What the exercise asks: Print the data that follows word for word, leaving out any picture.

Source data:

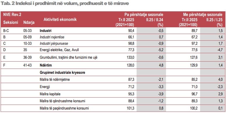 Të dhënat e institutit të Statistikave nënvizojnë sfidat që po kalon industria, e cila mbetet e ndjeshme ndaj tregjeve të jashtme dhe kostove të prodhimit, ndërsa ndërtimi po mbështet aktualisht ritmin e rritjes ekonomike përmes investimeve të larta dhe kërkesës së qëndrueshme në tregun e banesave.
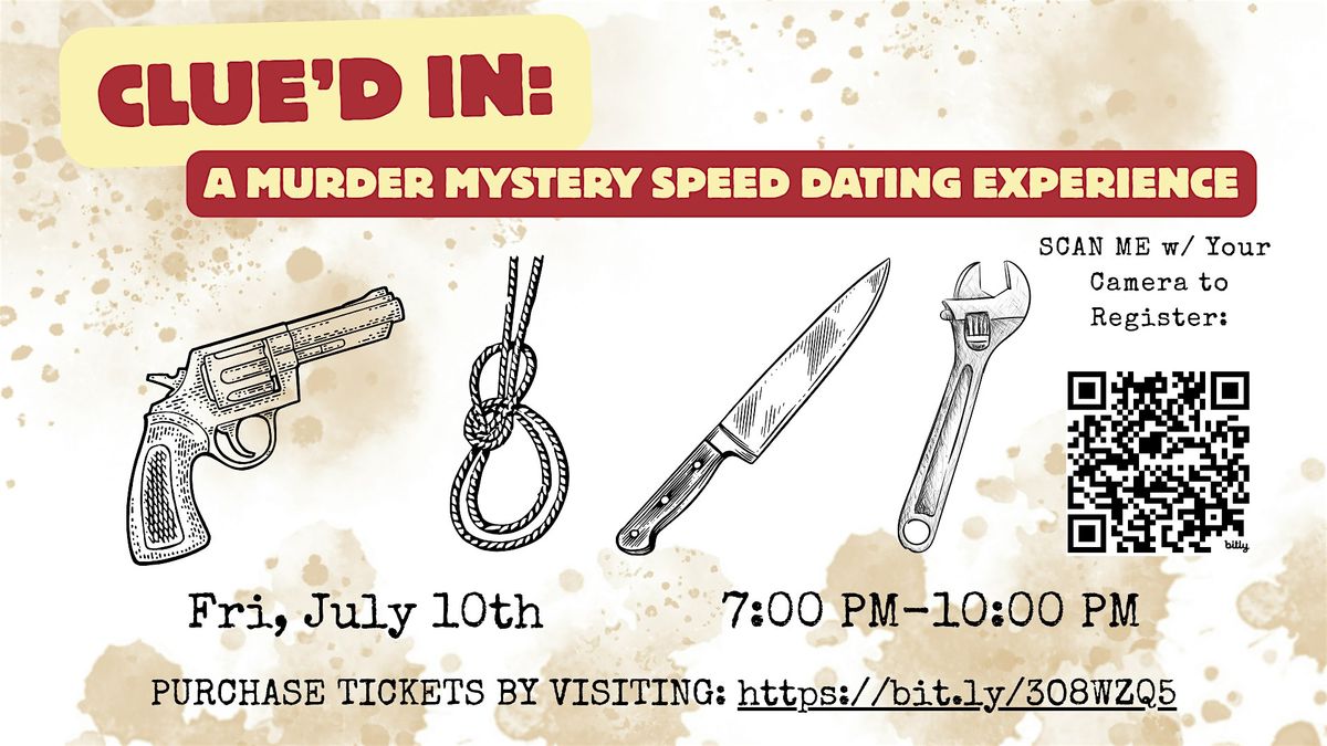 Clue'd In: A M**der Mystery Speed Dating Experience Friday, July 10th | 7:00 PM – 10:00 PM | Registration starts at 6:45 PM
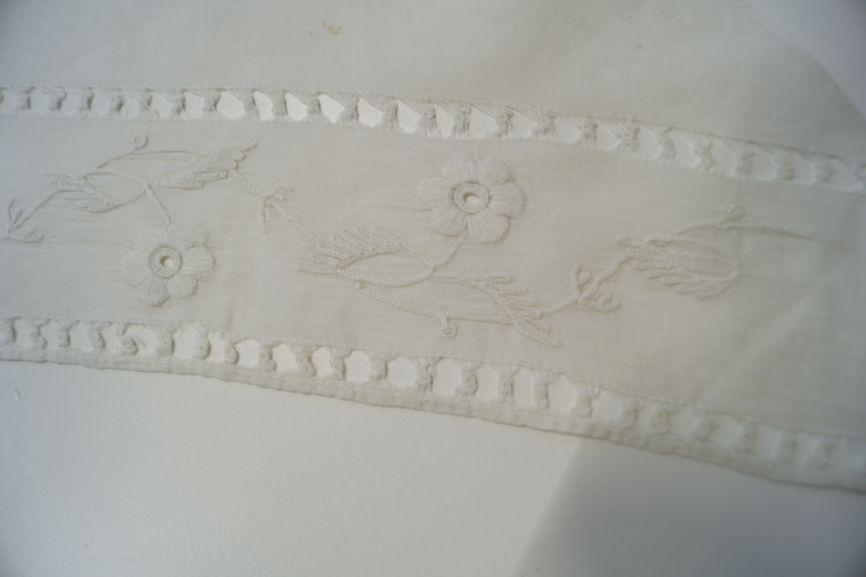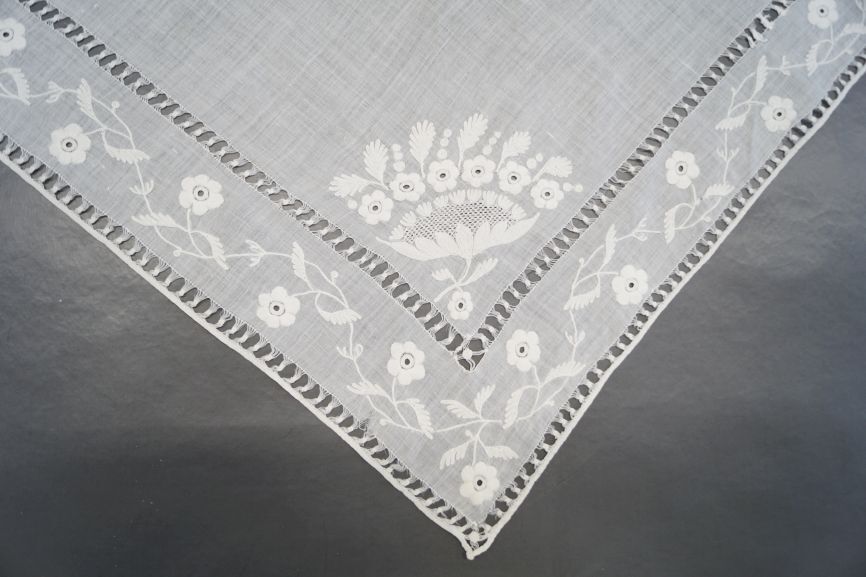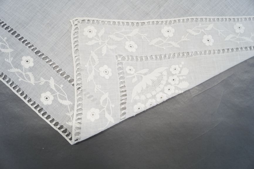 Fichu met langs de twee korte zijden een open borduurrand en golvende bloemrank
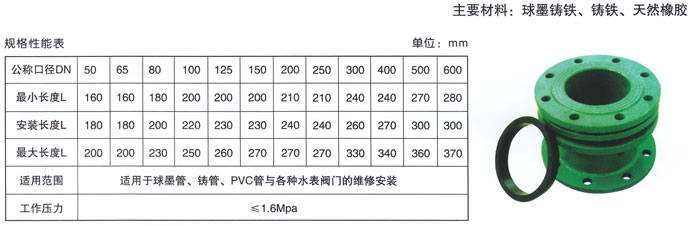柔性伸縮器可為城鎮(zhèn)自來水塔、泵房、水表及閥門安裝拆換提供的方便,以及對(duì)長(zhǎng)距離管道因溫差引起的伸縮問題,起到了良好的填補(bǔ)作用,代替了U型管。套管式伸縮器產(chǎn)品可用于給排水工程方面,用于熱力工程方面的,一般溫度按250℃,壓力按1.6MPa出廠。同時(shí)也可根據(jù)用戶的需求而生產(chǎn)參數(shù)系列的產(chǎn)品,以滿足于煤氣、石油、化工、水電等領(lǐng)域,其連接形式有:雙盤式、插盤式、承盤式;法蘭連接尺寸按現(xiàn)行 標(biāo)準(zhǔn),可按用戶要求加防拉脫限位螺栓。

Your response:
 Të dhënat e institutit të Statistikave nënvizojnë sfidat që po kalon industria, e cila mbetet e ndjeshme ndaj tregjeve të jashtme dhe kostove të prodhimit, ndërsa ndërtimi po mbështet aktualisht ritmin e rritjes ekonomike përmes investimeve të larta dhe kërkesës së qëndrueshme në tregun e banesave.
 Clue'd In: A M**der Mystery Speed Dating Experience Friday, July 10th | 7:00 PM – 10:00 PM | Registration starts at 6:45 PM
 Fichu met langs de twee korte zijden een open borduurrand en golvende bloemrank
柔性伸縮器可為城鎮(zhèn)自來水塔、泵房、水表及閥門安裝拆換提供的方便,以及對(duì)長(zhǎng)距離管道因溫差引起的伸縮問題,起到了良好的填補(bǔ)作用,代替了U型管。套管式伸縮器產(chǎn)品可用于給排水工程方面,用于熱力工程方面的,一般溫度按250℃,壓力按1.6MPa出廠。同時(shí)也可根據(jù)用戶的需求而生產(chǎn)參數(shù)系列的產(chǎn)品,以滿足于煤氣、石油、化工、水電等領(lǐng)域,其連接形式有:雙盤式、插盤式、承盤式;法蘭連接尺寸按現(xiàn)行 標(biāo)準(zhǔn),可按用戶要求加防拉脫限位螺栓。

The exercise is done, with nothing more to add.